### INPUT FOR THIS TASK
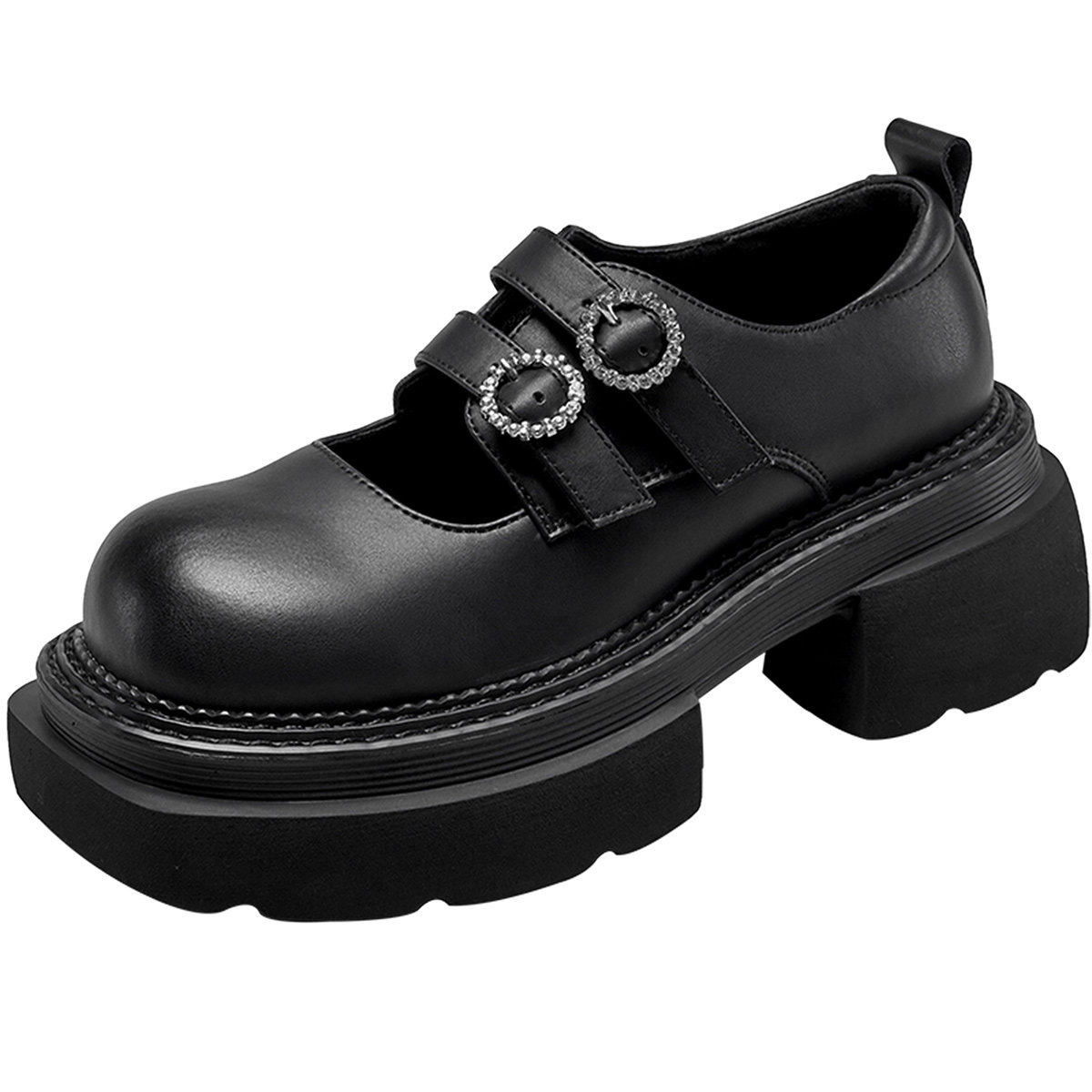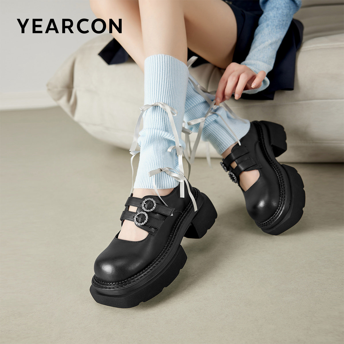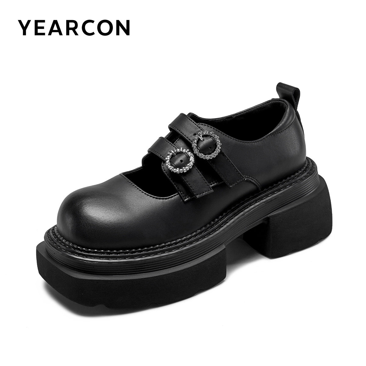 意尔康厚底通勤乐福鞋女春秋新款时尚女鞋百搭黑色单鞋增高小皮鞋
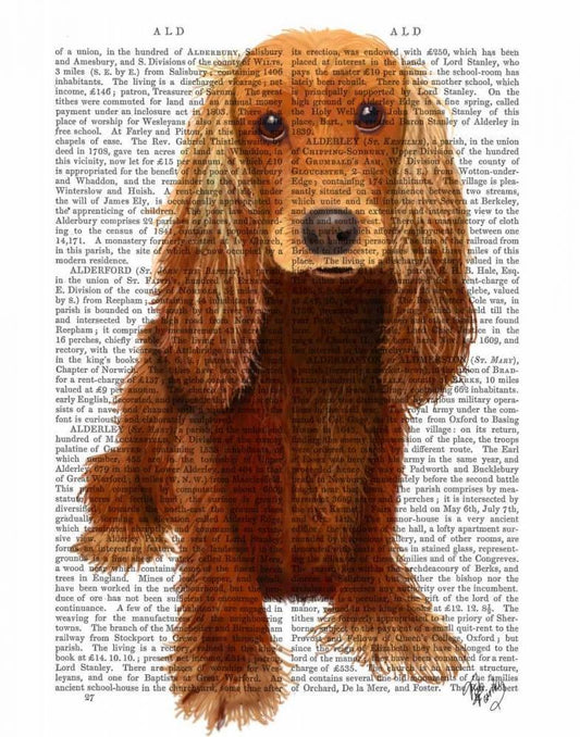 Dachshund Illustration Plain White Modern Wood Framed Art Print with Double Matting by Fab Funky
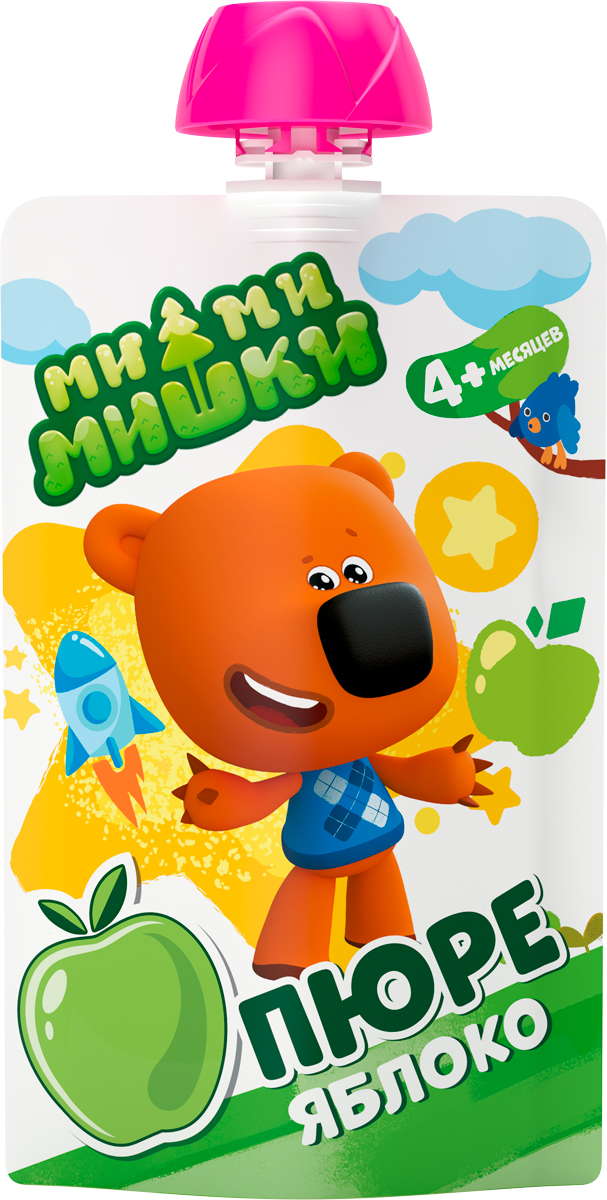Южные яблочки в удобной упаковке с любимым героем Кешей из мультсериала «Ми-ми-мишки». Пюре «Ми-ми-мишки» в мягкой упаковке удобно взять на прогулку или в путешествие. Продукт готов к употреблению. Без добавления сахара.
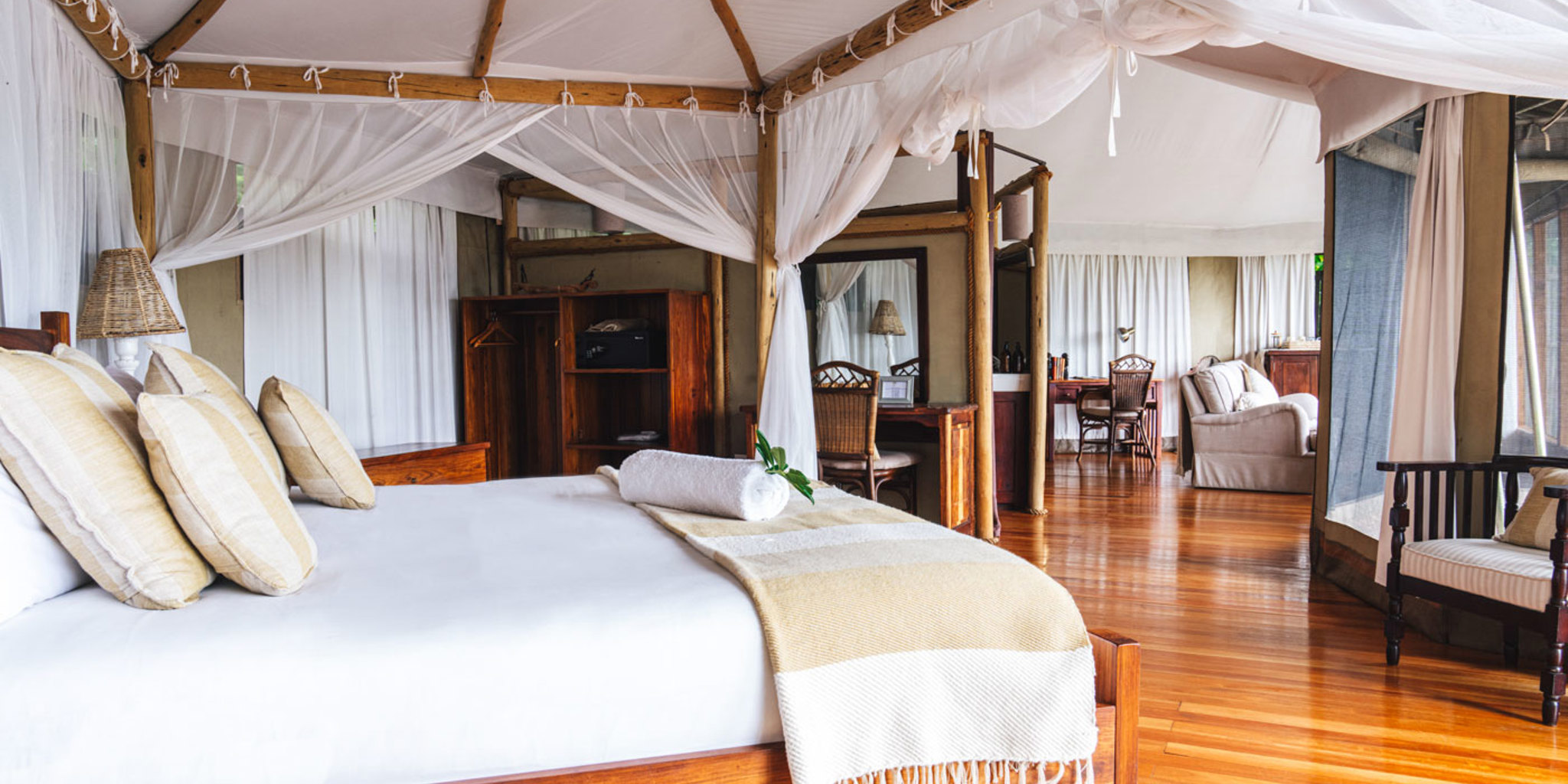 Each tent has an en-suite bathroom with indoor and outdoor showers, and a comfortable seating area to relax during the heat of the day. The design is simple and natural, keeping the focus on the setting rather than anything overly elaborate.
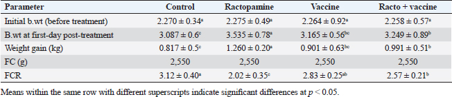 Table 5. The effect of ractopamine on intestinal characters in rabbits vaccinated with RHD virus vaccine (mean ± SE) (n=5).
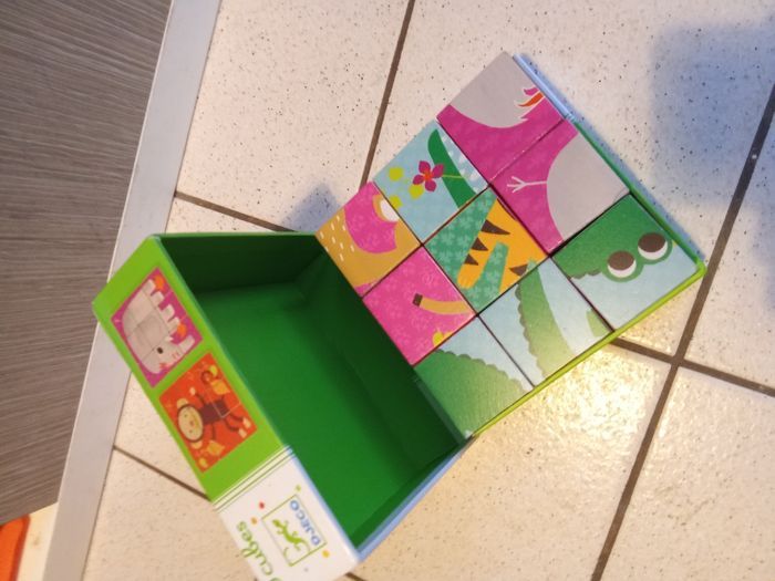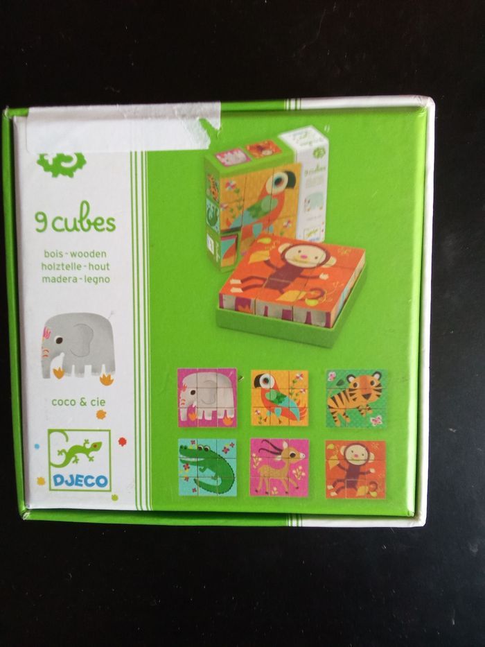 Boîte contenant 9 cubes en bois , permet de reconstituer 6 puzzles différents. Boîte d'origine, marque Djeco. Dès 3 ans De nombreux autres jeux, puzzles Djeco également à vendre ds mon dressing et réduction activée
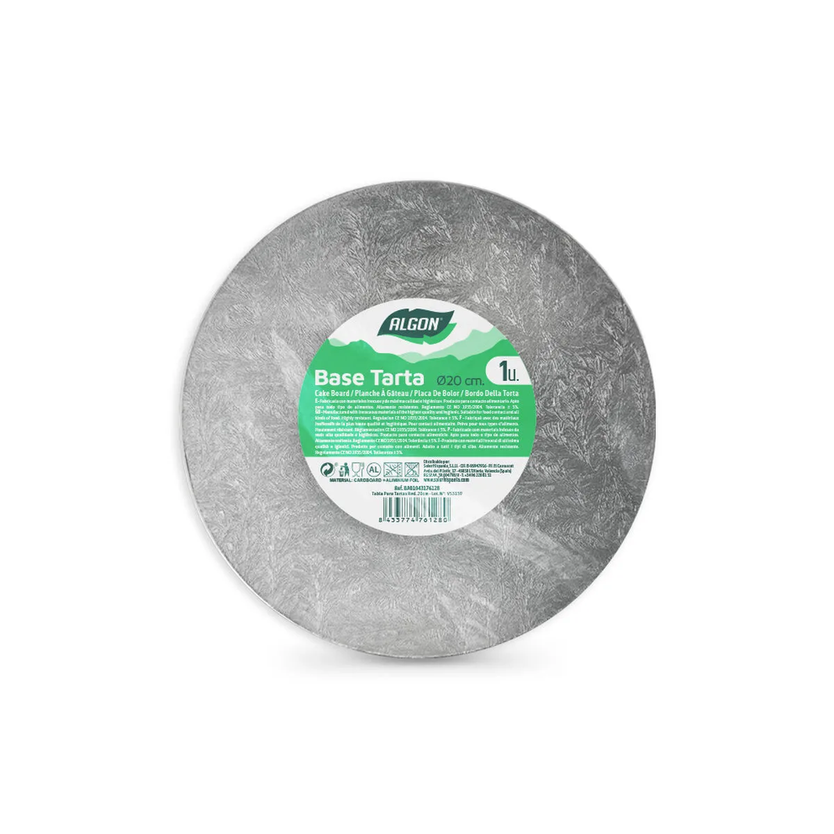 13 valoraciones en BASE PARA PASTEL ALGON PLATEADO 20 X 20 X 1,5 CM CUADRADO (24 UNIDADES)
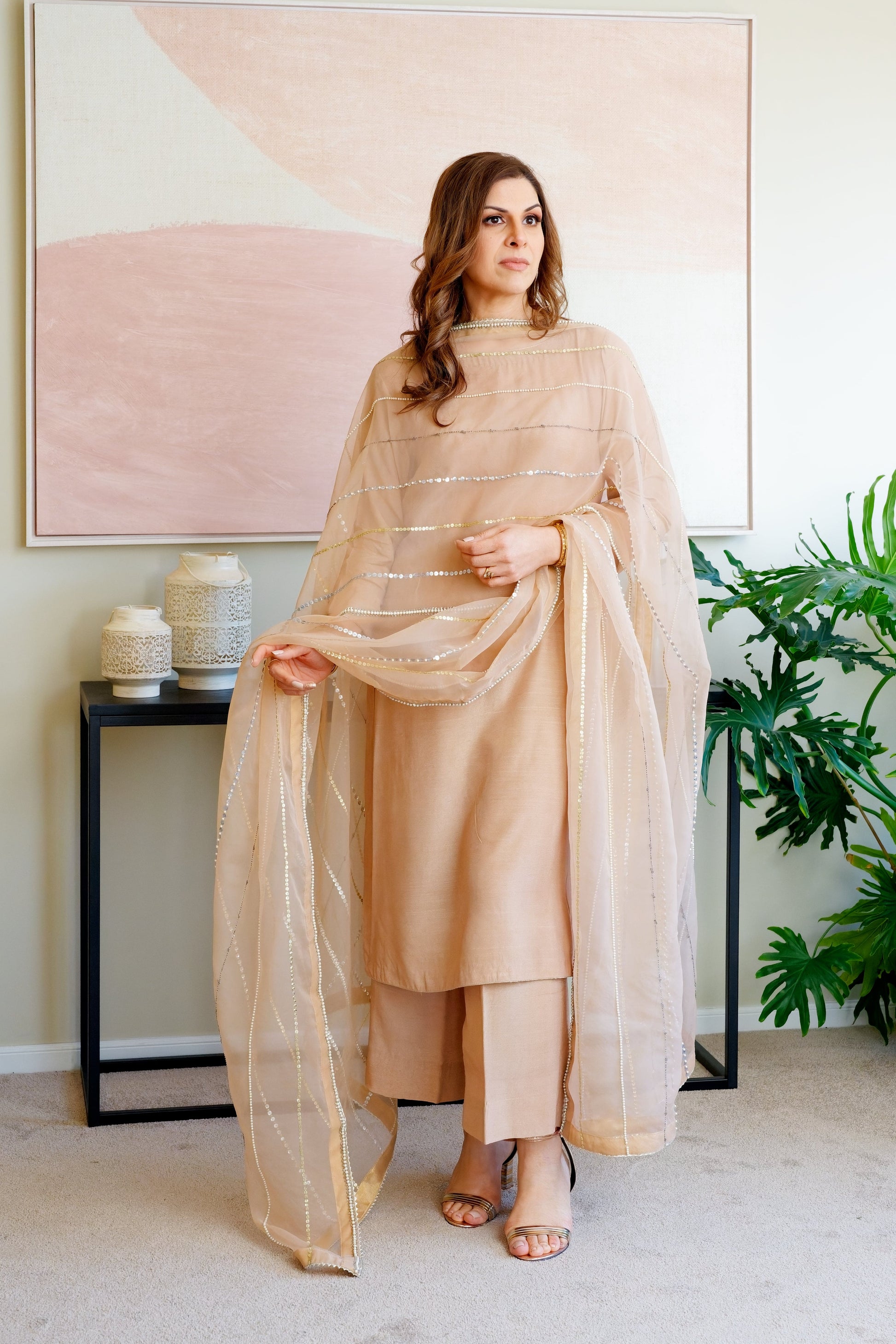 Get ready to be the centre of attention with a captivating, romantic ensemble featuring an abundance of signature Saffron details. Cut from the finest silk, this universally flattering ensemble is sure to become your forever favourite! The gorgeous apricot organza dupatta is intricately hand embroidered with sequins and pearls. Pair yours with our coordinating pants (as shown) and gold heels for an unforgettable look!

### DESCRIPTION OF THE TASK
Reproduce the listing word for word, but keep the pictures out of it.

### ANSWER AREA
 意尔康厚底通勤乐福鞋女春秋新款时尚女鞋百搭黑色单鞋增高小皮鞋
 Dachshund Illustration Plain White Modern Wood Framed Art Print with Double Matting by Fab Funky
Южные яблочки в удобной упаковке с любимым героем Кешей из мультсериала «Ми-ми-мишки». Пюре «Ми-ми-мишки» в мягкой упаковке удобно взять на прогулку или в путешествие. Продукт готов к употреблению. Без добавления сахара.
 Each tent has an en-suite bathroom with indoor and outdoor showers, and a comfortable seating area to relax during the heat of the day. The design is simple and natural, keeping the focus on the setting rather than anything overly elaborate.
 Table 5. The effect of ractopamine on intestinal characters in rabbits vaccinated with RHD virus vaccine (mean ± SE) (n=5).
 Boîte contenant 9 cubes en bois , permet de reconstituer 6 puzzles différents. Boîte d'origine, marque Djeco. Dès 3 ans De nombreux autres jeux, puzzles Djeco également à vendre ds mon dressing et réduction activée
 13 valoraciones en BASE PARA PASTEL ALGON PLATEADO 20 X 20 X 1,5 CM CUADRADO (24 UNIDADES)
 Get ready to be the centre of attention with a captivating, romantic ensemble featuring an abundance of signature Saffron details. Cut from the finest silk, this universally flattering ensemble is sure to become your forever favourite! The gorgeous apricot organza dupatta is intricately hand embroidered with sequins and pearls. Pair yours with our coordinating pants (as shown) and gold heels for an unforgettable look!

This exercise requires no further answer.